= Yella Pessl =

American musician

Yella Pessl (originally Gabriella Elsa Pessl; January 5, 1906 – December 9, 1991) was an American harpsichordist, pianist and organist.

==Life==
She was born in Vienna in 1906; she studied there at the State Academy of Music, and later performed in Europe.

In 1931 she moved to the USA, and was resident in New York.
She toured extensively, giving solo recitals and playing with orchestras. In 1938 she accompanied the Trapp Family Singers, whom she had known in Vienna, at their debut in New York at the Town Hall.

Yella Pessl was an editor of music for the harpsichord, and wrote about music for the instrument.
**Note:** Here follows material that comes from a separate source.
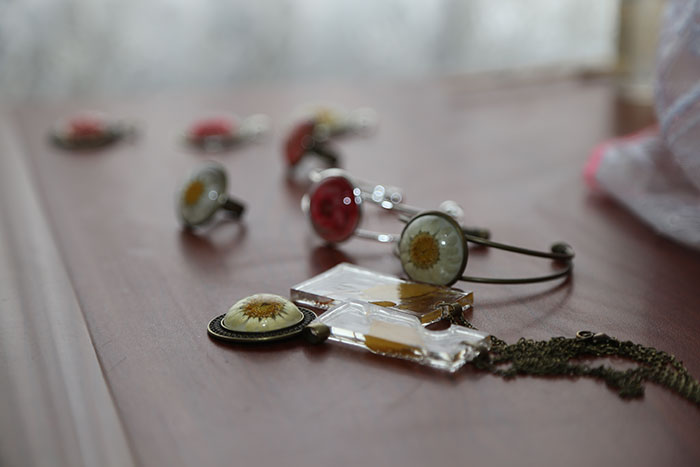 Eskişehir'de, KPSS'de yeterli puanı alamadığı için atanamayan öğretmen adayı, kuruttuğu çiçeklerden reçine kullanarak kolye, yüzük ve bileklik gibi takılar tasarlamaya başladı.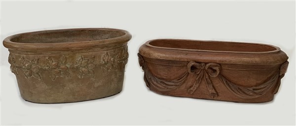 Manifattura fiorentina, lotto di due fioriere ovali in terracotta decorate con fasce in rilievo a frutti e fiocchi (cm 80x27x40 e cm 69x32x48) (difetti)

From 1938 she was a member of staff at Columbia University. She founded the Bach Circle, a group specializing in lesser-known works of J. S. Bach and his contemporaries. Between 1937 and 1942, she recorded 49 discs for Victor. The works include J.S. Bach's Sonatas 1, 2 and 4 for flute and harpsichord, Suites 5 and 6 of the English Suites, and Partita No.3; C. P.E. Bach's Sonata in A Minor for harpsichord, G.F. Handel's Fantasie in A Minor, W. F. Bach's Sonata in C Minor for Viola and Harpsichord, which she arranged; Works of Georg Böhm; Music of Henry Purcell and Works of John Mundy.

Her husband was Dr. Harry Sobotka, a biochemist; he died in 1970. Yella Pessl died in 1991, aged 85, at her home in Northampton, Massachusetts.